3) What made you think to scale the collums like that?

6. M.J. - July 19, 2010

I believe I have a way of solving the problem of the final coeffecients in the formula polynomials being so small that the computer inteprets them as zero.

Solve for the final coeffecients individualy using the determinent method (actual name is some dead guy I don’t remember).

This would still give you the same numerical analysis problem left as is, but the determinent method uses the determinent of a matrix over anther so if you just take the inverse there by flipping the fraction it might give you usable answers for a few more higher order matrices.

– I believe another way of writing your c(x)’s is the inverse of the final coeffecients in the formula polynomials, if you don’t mess with them at all.

7. M.J. - July 19, 2010

Without grammar problems and spelling issues:

I believe I have a way of solving the problem of the final coefficients in the formula polynomials being so small that the computer interprets them as zero.

Solve for the final coefficients individually using the determinant method (actual name is some dead guy I don’t remember).

This would still give you the same numerical analysis problem left as is, but the determinant method uses the determinant of a matrix over anther so if you just take the inverse there by flipping the fraction it might give you usable answers for a few higher order matrices.

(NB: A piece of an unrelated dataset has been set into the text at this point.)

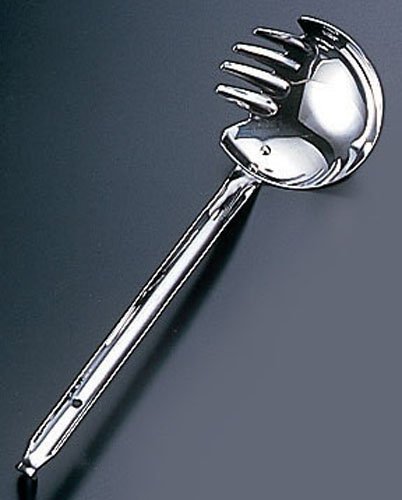 オールステンレスのうどんお玉で、洗いやすいし、錆びに強く、お手入れが簡単です。先がくしのようになっているので、うどんをすくいやすいです。一家に一つあると便利です。

– I believe another way of writing your c(x)’s is the inverse of the final coefficients in the formula polynomials, if you don’t mess with them at all.

8. M.J. - July 19, 2010

Tried it and it doesn’t seam to help. It was worse than before probably because the the determinants are such large numbers. Looks like I didn’t tell you anything you didn’t already know.

9. M.J. - July 19, 2010

Tried it and it doesn’t seem to help. It was worse than before probably because the determinants are such large numbers. Looks like I didn’t tell you anything you didn’t already know.

10. Kaleb - July 17, 2011

Your python results are supposed to have the coefficients? These don’t even match the coefficients you solved for above.

I’ve figured out your pattern and why it’s similar to Pascal’s triangle.

When I have time I’ll compose my notes and post them.

11. Kaleb - July 17, 2011

One additional note. You should know there is a problem with your results when you get negative coefficients. Given that you set up the linear matrix equation, I assume you can figure out why that is. It’s completely non-sensical.